Cosa significa per te portare avanti questa tradizione? Cosa ti spinge a farlo?

Per me è importante perché mi riempie di gioia portare avanti una lavorazione antica. Mi impegno molto e faccio in modo di consegnare un nuovo mazzo di rose ogni volta che serve. Non vengono cambiate ogni anno ma solamente quando, se capita che ci sia stato maltempo durante la processione, risultano essere troppo rovinate per essere presentate alla comunità. La mia non è solo una forma di devozione nei confronti del patrono di Palo ma mi fa sentire vivo nel cuore il ricordo di chi mi ha passato questo insegnamento. E’ una cosa che faccio sempre con molto piacere e vorrei poterlo insegnare a qualcun altro, magari tramandando la tradizione ai miei figli.
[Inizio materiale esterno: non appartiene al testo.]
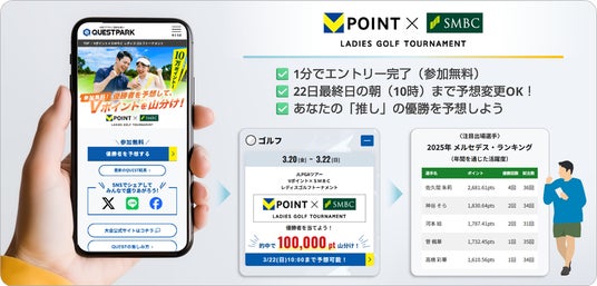 今回、2026年3月20日(金)から22日(日)まで千葉県の紫カントリークラブ すみれコースで開催される女子プロゴルフツアー「Vポイント×SMBC レディスゴルフトーナメント」の優勝選手を予想するキャンペーン(https://questpark.tsite.jp/golf-vpl/)を、2026年3月17日(火)より実施いたします。参加者は、日本女子プロゴルフ協会のサイト(https://www.lpga.or.jp/tournament/jlpgatour/2026/2100/info)で公開される公式リーダーズボードを見ながら大会の展開を追うことができ、予想の締め切りまでは何度でも予想を変更することが可能です。ゴルフファンの方はもちろん、ゴルフに詳しくない方でも大会をお楽しみいただける企画となっておりますので、ぜひご参加ください。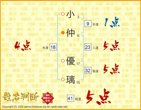生活面を象徴する運勢です。外部から受ける影響力を表し、結婚運、家庭運や職場、環境への順応性を表します。総運から人運を引いた画数。姓や名が1文字の場合を除く。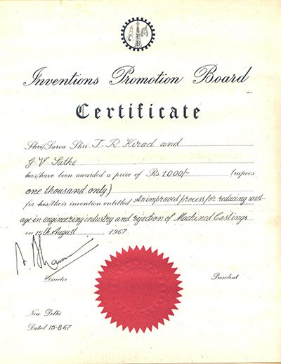 - Invention Board of India Award 1967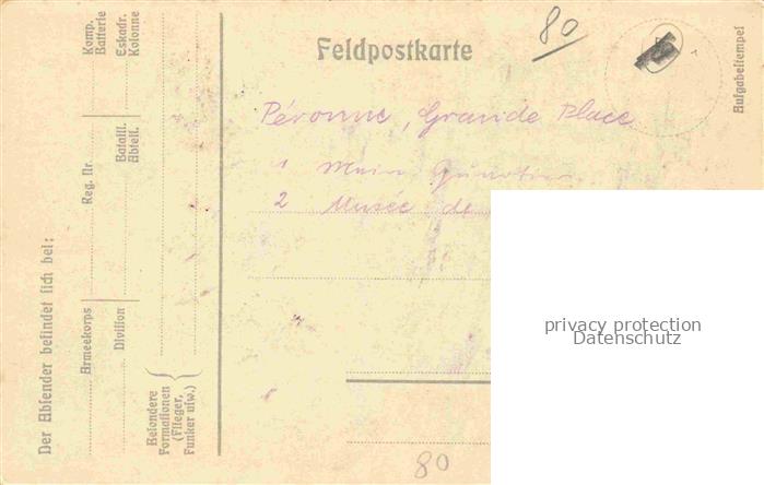14114865 PERONNE 80 Somme Marktplatz Feldpost postalisch nicht gelaufen Erhaltung siehe scans [FriedD77] Frie Katcode 11170080480620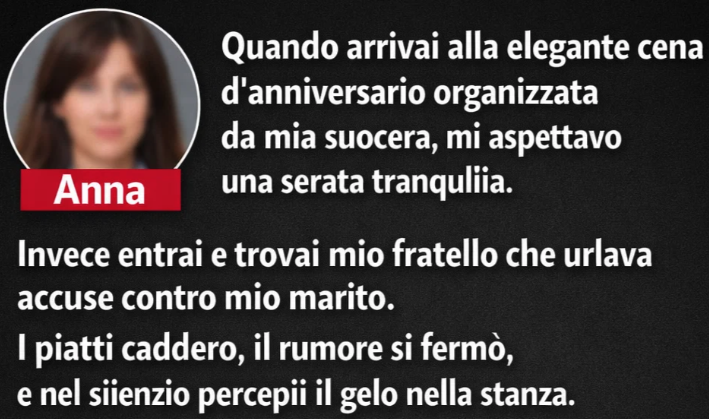 Quando arrivai alla elegante cena d’anniversario organizzata da mia suocera, mi aspettavo una serata tranquilla. Invece entrai e trovai mio fratello che urlava accuse contro mio marito. I piatti caddero, il rumore si fermò, e nel silenzio percepii il gelo nella stanza.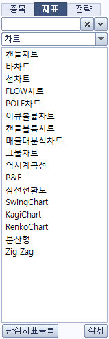 사용자가 자주 사용하는 지표를 등록하여 차트에서 지표를 쉽게 사용하는 기능입니다.

Hai recentemente chiesto di avere uno spazio espositivo dove mostrare alcune di queste rose. Come sta andando la tua richiesta?

Ho realizzato una teca commemorativa fatta con otto mazzi storici che è pronta per essere esposta. Mi hanno offerto un piccolo spazio all’interno della sagrestia della chiesa dell’Auricarro. Non credo però che questo spazio sia adeguato. I primi mazzi di rose sono molto vecchi e si percepisce quanto il tessuto sia stato segnato dal passaggio, sia spirituale che materiale, del tempo. Credo che questa teca possa arricchire fortemente la storia del Crocifisso. Vorrei che fosse facile, per un turista che arriva a Palo, conoscere la storia di questa tradizione e credo che ci sarebbe bisogno di uno spazio sempre aperto e facilmente visitabile da tutti.

In molti ti conoscono come cantante e performer. Quali consigli vorresti dare per far emergere queste storie che altrimenti rischierebbero di rimanere nascoste?

Bisogna sempre credere in quello che si fa, soprattutto nel lavoro artigianale e artistico bisogna crederci fino in fondo. E’ importante perseverare e affrontare a testa alta le difficoltà. Rispettare gli impegni e non mollare mai neanche di un millimetro; non si sa mai da dove potrebbe arrivare il prossimo successo. Bisogna rimanere attivi e propositivi verso tutte le opportunità senza mai smettere di credere nelle proprie capacità. E’ un periodo difficile per tutti ma dobbiamo guardare avanti, speranzosi di un futuro migliore.